Regardless of the jurisdictions, most legislation covers the core elements of consumer protection. For a business, the following are general guidelines to ensure they meet their obligations under most legislation within Canada:

  • Consumers should expect some level of minimum quality for the goods they purchase
  • Consumers should not be subjected to abusive or deceptive sales / marketing practices
  • Vulnerable consumers should not be subjected to ‘unconscionable’ (unfair, unreasonable, excessive or unjust) sales practices by companies
  • Consumers are typically allowed some type of cooling off period where they can return goods or cancel contracts without fear of reprisals
  • Consumers should be informed of all terms and conditions of contracts and contracts should be explicit and transparent.
  • Any financial terms, especially borrowing costs, need to be clear and in plain language

Businesses which engage in unscrupulous practices or refuse to follow consumer protection guidelines, can be subject to serious fines, injunctions, loss of licences, and related legal consequences. It should be noted that government agencies can use their enforcement powers to aggressively target non-compliant organizations.

Consumer Protection (Federal Government)

Protecting consumers within Canada begins with federal legislation that is developed to promote consumer awareness and consumer protection. There are several Federal agencies and departments which work to protect consumers and are responsible for enforcing legislation related to various issues, including:

Consumer product safety: The Canada Consumer Product Safety Act (CCPSA) regulates the safety of a wide variety of consumer products, except for motor vehicles, food, drugs and animals. The CCPSA is administered by Health Canada.

Packaging, labelling, sale, importation and advertising of prepackaged products: The Consumer Packaging and Labelling Act requires that prepackaged consumer products bear accurate and meaningful labelling information to help consumers make informed purchasing decisions. The Act is administered by the Competition Bureau.

Vehicle safety: The Motor Vehicle Safety Act regulates the manufacture and importation of motor vehicles and motor vehicle equipment to reduce the risk of death, injury and damage to property and the environment. The Act is administered by Transport Canada.

Food, meat and fish inspection, agricultural products, seeds, fertilizers, and animal feed and health: Food Safety and Inspection related Acts are administered by the Canadian Food Inspection Agency.

Safety and nutritional quality of all foods: The Food and Drugs Act establishes standards for the safety and nutritional quality of all foods sold in Canada and is administered by Health Canada.

Federally regulated financial institutions (banks, retail associations and federal trust, loan and insurance companies): Oversight of consumer issues in the federally regulated financial sector are administered by the Financial Consumer Agency of Canada.

Wireless services: The Wireless Code explains your rights and responsibilities as a consumer of wireless services.
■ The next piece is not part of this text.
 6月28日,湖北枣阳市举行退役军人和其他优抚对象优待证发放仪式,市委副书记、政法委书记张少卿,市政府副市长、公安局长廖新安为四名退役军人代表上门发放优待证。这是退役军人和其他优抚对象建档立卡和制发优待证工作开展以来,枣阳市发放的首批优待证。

It establishes standards that all wireless service providers must follow. The Wireless Code applies to all wireless contracts. The Wireless Code was created by the Canadian Radio-television and Telecommunications Commission (CRTC).
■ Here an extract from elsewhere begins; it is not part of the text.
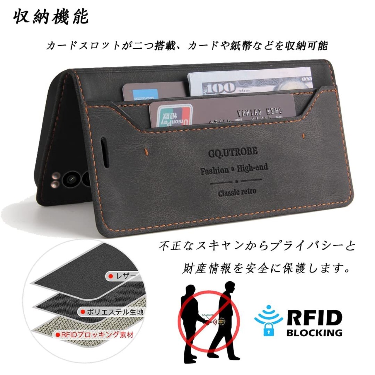 UnivoColors Sony Xperia 5 III (SO-53B / SOG05) 手帳型ケース 高級合皮 スタンド機能 カード収納 マグネット式 TPUソフトカバー 全面保護 カメラ保護 衝撃吸収 RFIDブロッキング おしゃれ カバー(ブラック)

Consumer Protection (Ontario Government)

In Ontario, consumer’s rights and businesses obligations are identified within the Consumer Protection Act (https://www.ontario.ca/laws/statute/02c30) which covers the most common consumer transactions. The Consumer Protection Act is a key piece of Ontario’s consumer protection framework that came into in 2002. The fast-paced nature of today’s business environment has led to changes in the way people make purchases, and how businesses work; especially with the rise in e-commerce over the years. As a result, consumer protection laws are constantly being updated to remain modern, fair and give consumers confidence that their rights are protected. Moreover, strong consumer protection laws improve Ontario’s reputation as a place for businesses to grow and invest in. When people trust the businesses, products, and services they spend their money on, the economy flourishes.

Consumer Protection Act (Ontario)

The Ontario Consumer Protection Act applies to all consumer transactions if the consumer is located in Ontario when the transaction takes place.

Disclosure of information

A supplier is required to disclose information that must be clear, comprehensible and prominent.

Ambiguities to benefit consumer

Any ambiguity that allows for more than one reasonable interpretation of a consumer agreement provided by the supplier to the consumer that must be disclosed shall be interpreted to the benefit of the consumer.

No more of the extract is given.